Data to use:
[Start of section]

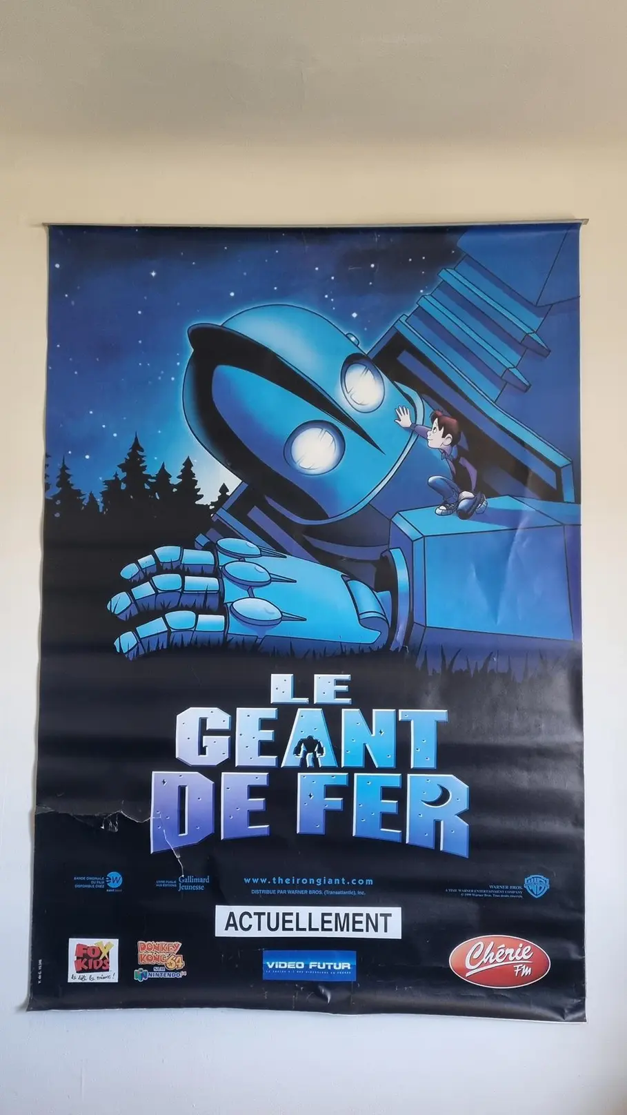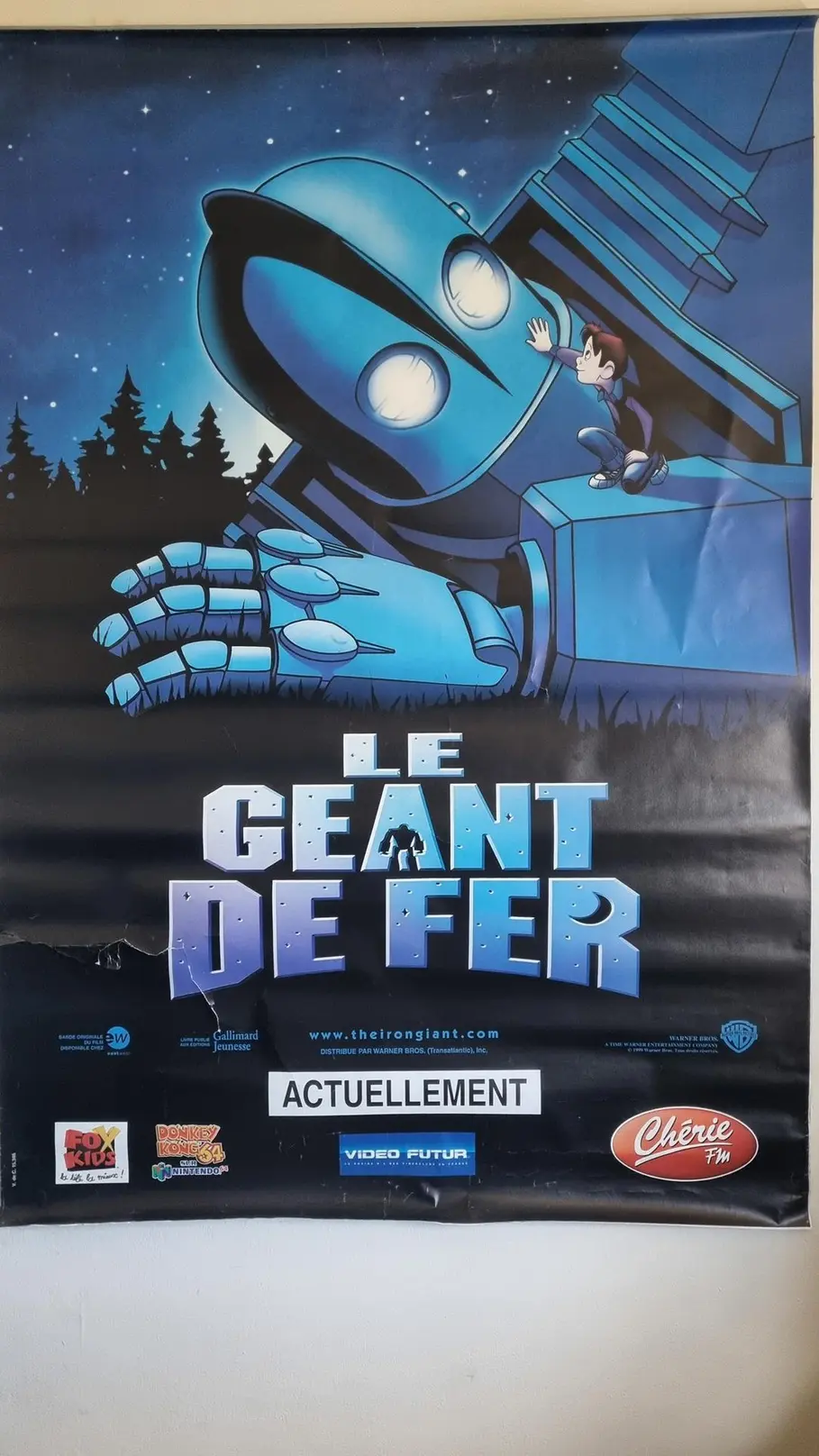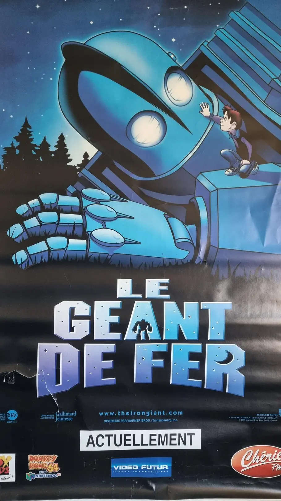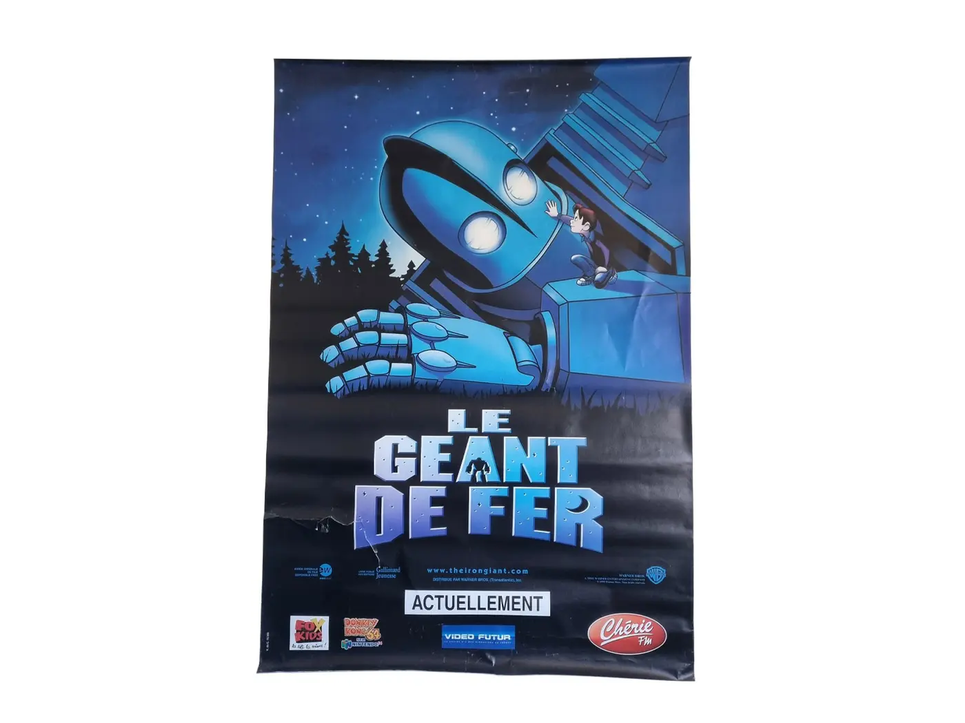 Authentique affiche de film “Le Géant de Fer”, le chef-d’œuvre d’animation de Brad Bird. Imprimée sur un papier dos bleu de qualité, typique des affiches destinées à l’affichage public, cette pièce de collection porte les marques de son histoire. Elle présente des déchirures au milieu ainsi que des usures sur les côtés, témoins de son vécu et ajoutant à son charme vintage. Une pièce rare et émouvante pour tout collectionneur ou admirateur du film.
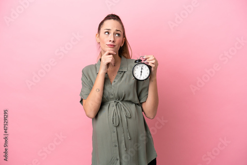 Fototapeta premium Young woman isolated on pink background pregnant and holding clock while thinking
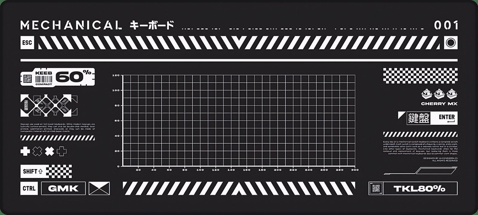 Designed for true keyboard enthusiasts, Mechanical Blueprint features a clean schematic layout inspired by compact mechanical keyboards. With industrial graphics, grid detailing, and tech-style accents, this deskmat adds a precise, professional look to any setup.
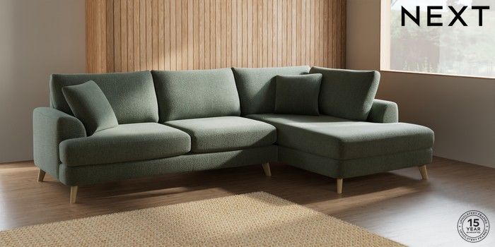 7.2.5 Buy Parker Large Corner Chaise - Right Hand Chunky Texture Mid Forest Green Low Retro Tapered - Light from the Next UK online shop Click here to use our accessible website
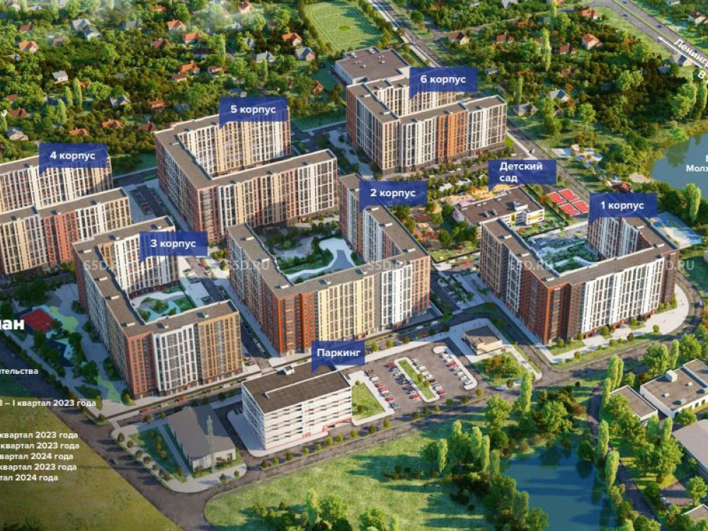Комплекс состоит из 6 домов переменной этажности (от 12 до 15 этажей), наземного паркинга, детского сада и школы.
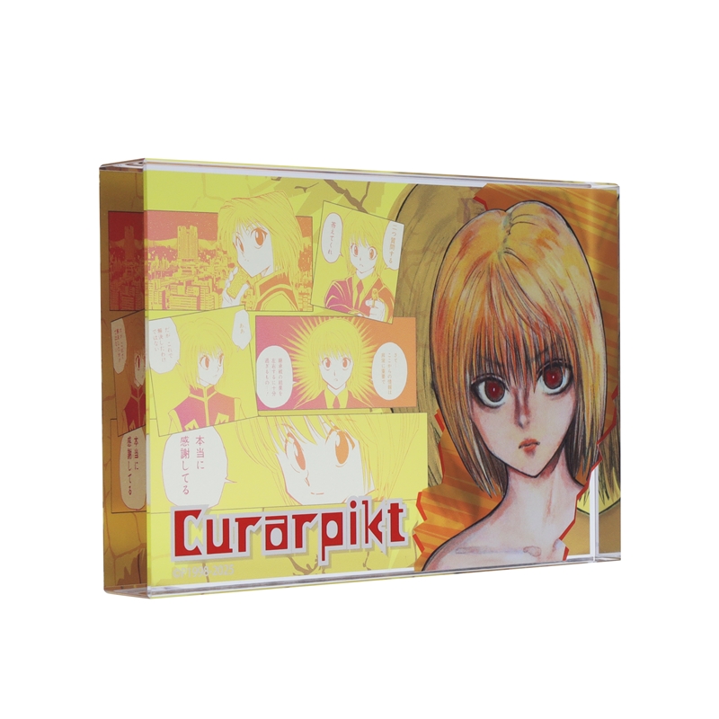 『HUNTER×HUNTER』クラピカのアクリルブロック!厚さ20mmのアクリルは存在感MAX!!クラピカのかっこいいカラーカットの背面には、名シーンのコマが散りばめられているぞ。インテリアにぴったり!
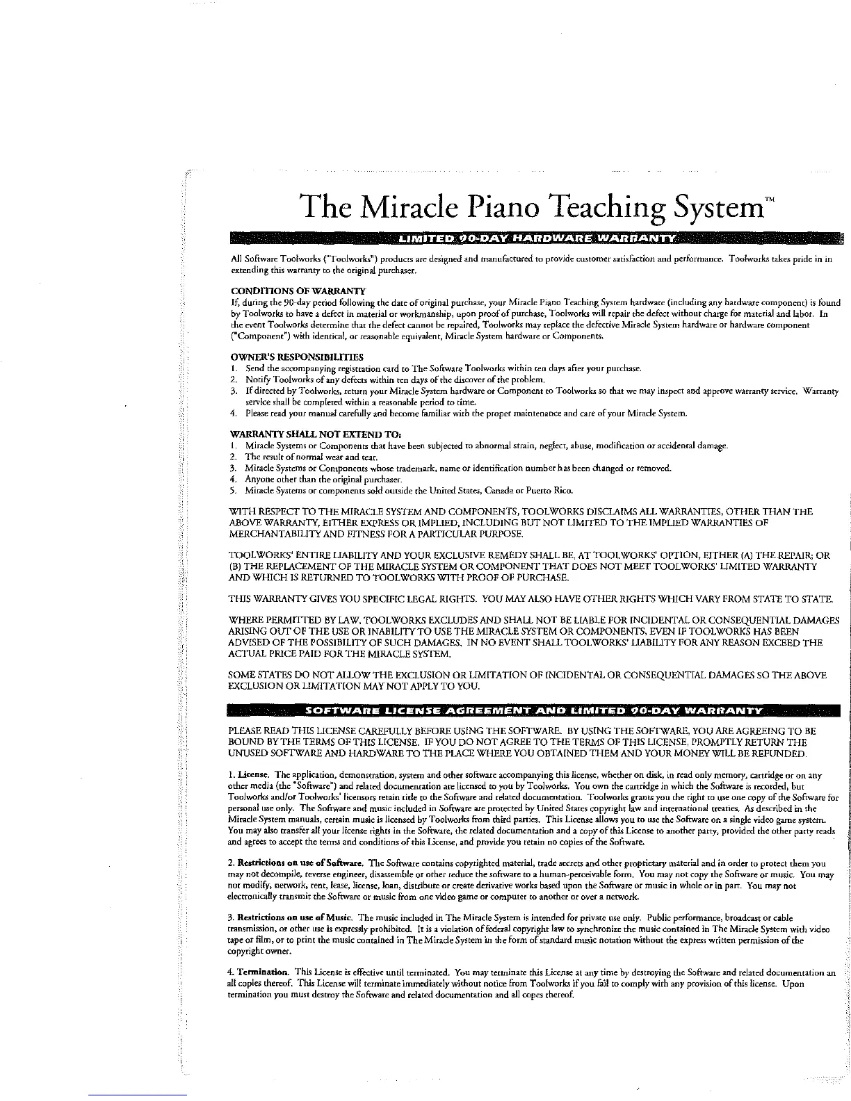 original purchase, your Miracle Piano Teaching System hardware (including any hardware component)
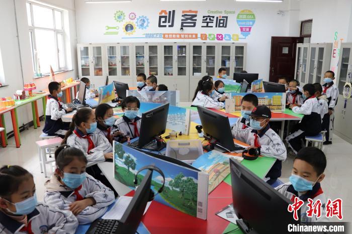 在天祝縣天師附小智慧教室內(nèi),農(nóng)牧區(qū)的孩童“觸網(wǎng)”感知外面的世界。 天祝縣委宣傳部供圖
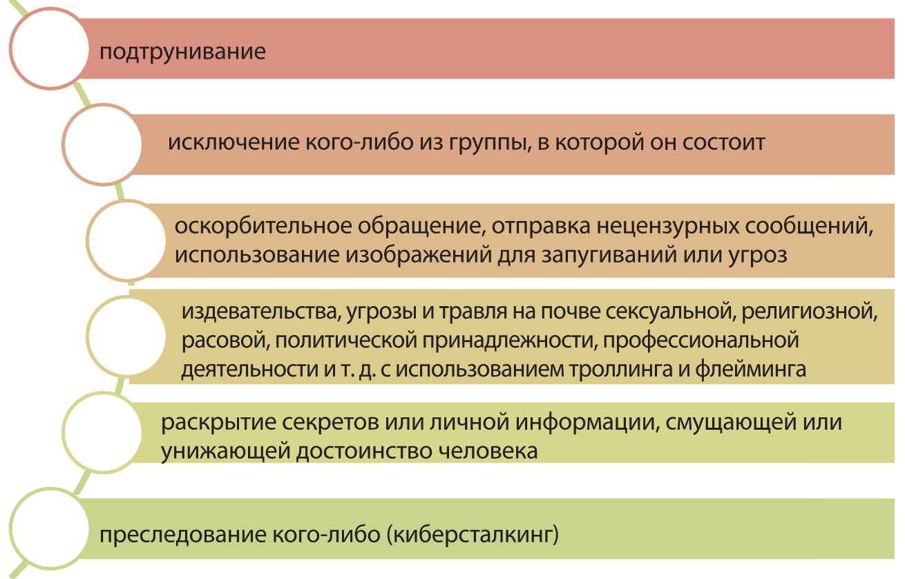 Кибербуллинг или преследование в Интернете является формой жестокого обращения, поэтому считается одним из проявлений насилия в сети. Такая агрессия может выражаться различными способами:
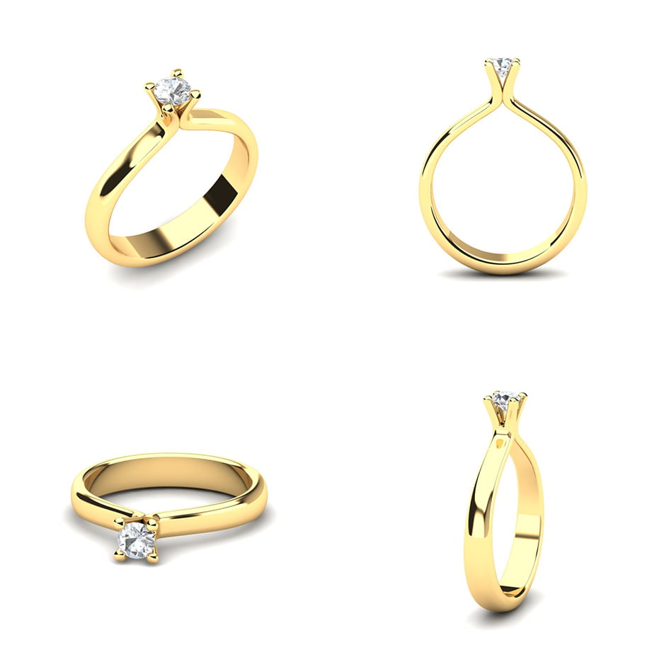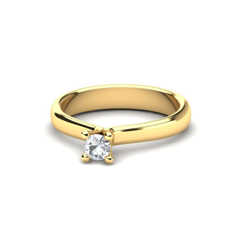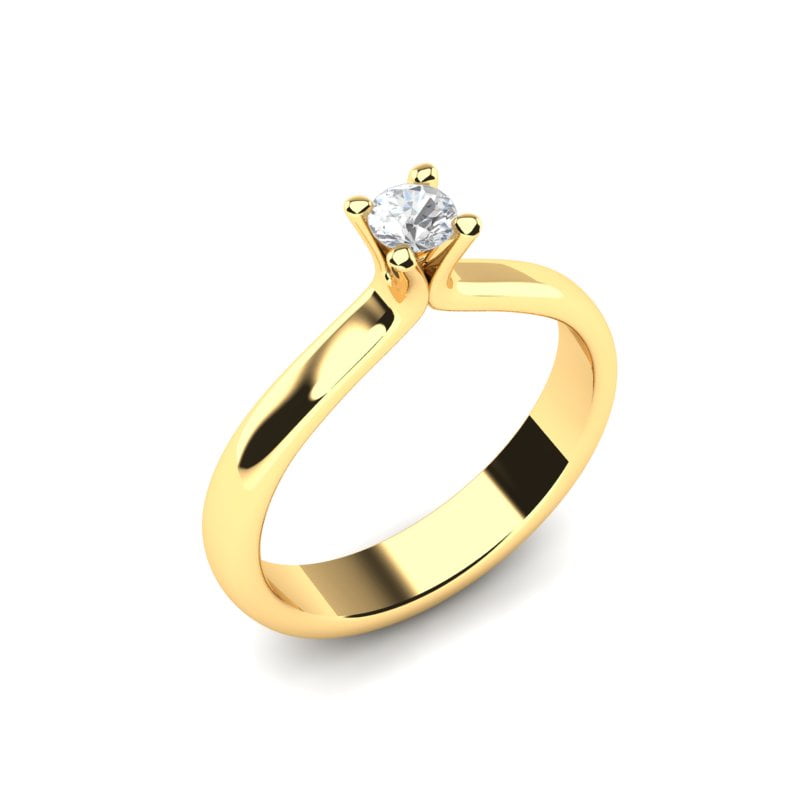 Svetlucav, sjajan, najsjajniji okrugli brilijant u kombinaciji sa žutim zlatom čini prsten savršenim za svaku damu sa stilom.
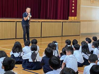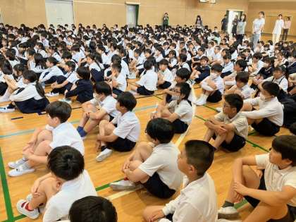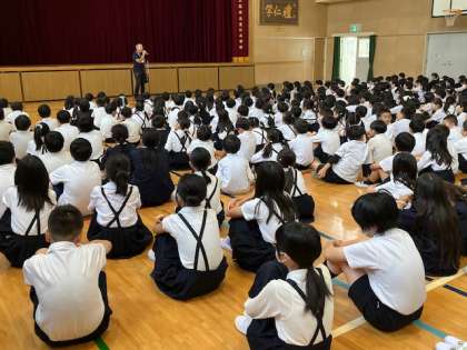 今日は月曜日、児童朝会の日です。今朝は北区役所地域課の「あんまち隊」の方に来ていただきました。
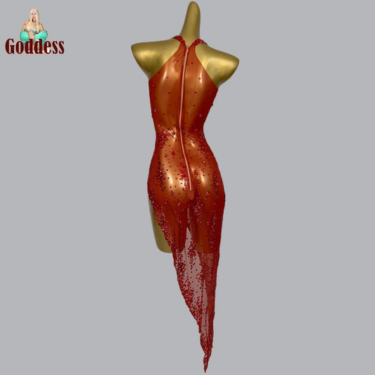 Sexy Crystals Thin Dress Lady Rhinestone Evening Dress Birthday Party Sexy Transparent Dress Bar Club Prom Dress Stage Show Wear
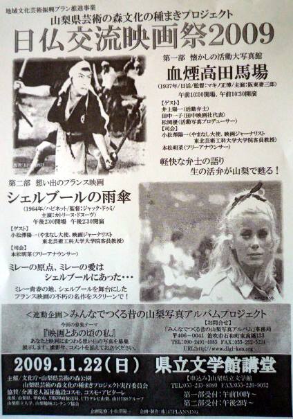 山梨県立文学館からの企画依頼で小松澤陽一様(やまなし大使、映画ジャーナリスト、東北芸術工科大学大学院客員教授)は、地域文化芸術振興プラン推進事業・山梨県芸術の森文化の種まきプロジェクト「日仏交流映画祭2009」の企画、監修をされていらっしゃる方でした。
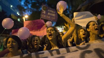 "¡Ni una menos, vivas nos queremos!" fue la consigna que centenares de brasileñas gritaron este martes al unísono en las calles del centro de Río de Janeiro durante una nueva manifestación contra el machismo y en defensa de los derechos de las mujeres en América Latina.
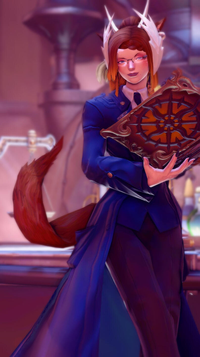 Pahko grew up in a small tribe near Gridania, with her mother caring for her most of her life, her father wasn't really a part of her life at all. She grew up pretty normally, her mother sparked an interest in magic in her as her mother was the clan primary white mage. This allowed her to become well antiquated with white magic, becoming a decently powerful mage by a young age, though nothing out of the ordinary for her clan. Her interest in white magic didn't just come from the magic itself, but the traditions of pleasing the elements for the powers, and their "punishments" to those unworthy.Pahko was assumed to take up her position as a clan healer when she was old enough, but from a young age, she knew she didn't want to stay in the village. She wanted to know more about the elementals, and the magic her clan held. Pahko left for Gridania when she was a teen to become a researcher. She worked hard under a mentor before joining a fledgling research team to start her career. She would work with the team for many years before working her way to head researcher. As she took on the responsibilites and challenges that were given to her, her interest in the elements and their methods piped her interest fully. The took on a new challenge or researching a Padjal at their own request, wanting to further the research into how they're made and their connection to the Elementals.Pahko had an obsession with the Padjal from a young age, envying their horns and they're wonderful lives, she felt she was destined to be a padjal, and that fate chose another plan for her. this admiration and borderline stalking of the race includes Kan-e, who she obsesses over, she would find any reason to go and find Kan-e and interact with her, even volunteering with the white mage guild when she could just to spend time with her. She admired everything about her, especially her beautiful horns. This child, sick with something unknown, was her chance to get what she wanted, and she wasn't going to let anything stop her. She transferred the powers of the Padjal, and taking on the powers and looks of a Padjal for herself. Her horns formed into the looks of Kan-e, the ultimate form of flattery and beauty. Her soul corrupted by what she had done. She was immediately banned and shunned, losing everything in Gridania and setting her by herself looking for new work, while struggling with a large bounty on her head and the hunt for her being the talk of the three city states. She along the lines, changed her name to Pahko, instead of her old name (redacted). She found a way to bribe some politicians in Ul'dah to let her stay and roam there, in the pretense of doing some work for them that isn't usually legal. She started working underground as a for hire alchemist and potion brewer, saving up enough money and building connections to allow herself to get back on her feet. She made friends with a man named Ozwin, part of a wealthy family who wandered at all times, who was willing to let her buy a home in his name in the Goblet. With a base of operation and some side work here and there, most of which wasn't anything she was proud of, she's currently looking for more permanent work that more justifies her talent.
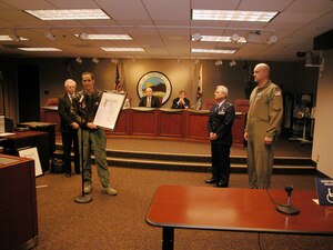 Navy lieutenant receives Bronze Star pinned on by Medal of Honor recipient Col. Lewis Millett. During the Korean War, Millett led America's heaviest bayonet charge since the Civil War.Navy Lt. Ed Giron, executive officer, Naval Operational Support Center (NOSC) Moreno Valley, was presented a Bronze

[End of section]

Task statement: Copy out the material above in full and exactly; its pictures are not to appear.

Reply to the exercise:
 Authentique affiche de film “Le Géant de Fer”, le chef-d’œuvre d’animation de Brad Bird. Imprimée sur un papier dos bleu de qualité, typique des affiches destinées à l’affichage public, cette pièce de collection porte les marques de son histoire. Elle présente des déchirures au milieu ainsi que des usures sur les côtés, témoins de son vécu et ajoutant à son charme vintage. Une pièce rare et émouvante pour tout collectionneur ou admirateur du film.
 Fototapeta premium Young woman isolated on pink background pregnant and holding clock while thinking
 Designed for true keyboard enthusiasts, Mechanical Blueprint features a clean schematic layout inspired by compact mechanical keyboards. With industrial graphics, grid detailing, and tech-style accents, this deskmat adds a precise, professional look to any setup.
 7.2.5 Buy Parker Large Corner Chaise - Right Hand Chunky Texture Mid Forest Green Low Retro Tapered - Light from the Next UK online shop Click here to use our accessible website
Комплекс состоит из 6 домов переменной этажности (от 12 до 15 этажей), наземного паркинга, детского сада и школы.
 『HUNTER×HUNTER』クラピカのアクリルブロック!厚さ20mmのアクリルは存在感MAX!!クラピカのかっこいいカラーカットの背面には、名シーンのコマが散りばめられているぞ。インテリアにぴったり!
 original purchase, your Miracle Piano Teaching System hardware (including any hardware component)
 在天祝縣天師附小智慧教室內(nèi),農(nóng)牧區(qū)的孩童“觸網(wǎng)”感知外面的世界。 天祝縣委宣傳部供圖
 Кибербуллинг или преследование в Интернете является формой жестокого обращения, поэтому считается одним из проявлений насилия в сети. Такая агрессия может выражаться различными способами:
 Svetlucav, sjajan, najsjajniji okrugli brilijant u kombinaciji sa žutim zlatom čini prsten savršenim za svaku damu sa stilom.
 今日は月曜日、児童朝会の日です。今朝は北区役所地域課の「あんまち隊」の方に来ていただきました。
 Sexy Crystals Thin Dress Lady Rhinestone Evening Dress Birthday Party Sexy Transparent Dress Bar Club Prom Dress Stage Show Wear
 山梨県立文学館からの企画依頼で小松澤陽一様(やまなし大使、映画ジャーナリスト、東北芸術工科大学大学院客員教授)は、地域文化芸術振興プラン推進事業・山梨県芸術の森文化の種まきプロジェクト「日仏交流映画祭2009」の企画、監修をされていらっしゃる方でした。
 "¡Ni una menos, vivas nos queremos!" fue la consigna que centenares de brasileñas gritaron este martes al unísono en las calles del centro de Río de Janeiro durante una nueva manifestación contra el machismo y en defensa de los derechos de las mujeres en América Latina.
 Pahko grew up in a small tribe near Gridania, with her mother caring for her most of her life, her father wasn't really a part of her life at all. She grew up pretty normally, her mother sparked an interest in magic in her as her mother was the clan primary white mage. This allowed her to become well antiquated with white magic, becoming a decently powerful mage by a young age, though nothing out of the ordinary for her clan. Her interest in white magic didn't just come from the magic itself, but the traditions of pleasing the elements for the powers, and their "punishments" to those unworthy.Pahko was assumed to take up her position as a clan healer when she was old enough, but from a young age, she knew she didn't want to stay in the village. She wanted to know more about the elementals, and the magic her clan held. Pahko left for Gridania when she was a teen to become a researcher. She worked hard under a mentor before joining a fledgling research team to start her career. She would work with the team for many years before working her way to head researcher. As she took on the responsibilites and challenges that were given to her, her interest in the elements and their methods piped her interest fully. The took on a new challenge or researching a Padjal at their own request, wanting to further the research into how they're made and their connection to the Elementals.Pahko had an obsession with the Padjal from a young age, envying their horns and they're wonderful lives, she felt she was destined to be a padjal, and that fate chose another plan for her. this admiration and borderline stalking of the race includes Kan-e, who she obsesses over, she would find any reason to go and find Kan-e and interact with her, even volunteering with the white mage guild when she could just to spend time with her. She admired everything about her, especially her beautiful horns. This child, sick with something unknown, was her chance to get what she wanted, and she wasn't going to let anything stop her. She transferred the powers of the Padjal, and taking on the powers and looks of a Padjal for herself. Her horns formed into the looks of Kan-e, the ultimate form of flattery and beauty. Her soul corrupted by what she had done. She was immediately banned and shunned, losing everything in Gridania and setting her by herself looking for new work, while struggling with a large bounty on her head and the hunt for her being the talk of the three city states. She along the lines, changed her name to Pahko, instead of her old name (redacted). She found a way to bribe some politicians in Ul'dah to let her stay and roam there, in the pretense of doing some work for them that isn't usually legal. She started working underground as a for hire alchemist and potion brewer, saving up enough money and building connections to allow herself to get back on her feet. She made friends with a man named Ozwin, part of a wealthy family who wandered at all times, who was willing to let her buy a home in his name in the Goblet. With a base of operation and some side work here and there, most of which wasn't anything she was proud of, she's currently looking for more permanent work that more justifies her talent.
 Navy lieutenant receives Bronze Star pinned on by Medal of Honor recipient Col. Lewis Millett. During the Korean War, Millett led America's heaviest bayonet charge since the Civil War.Navy Lt. Ed Giron, executive officer, Naval Operational Support Center (NOSC) Moreno Valley, was presented a Bronze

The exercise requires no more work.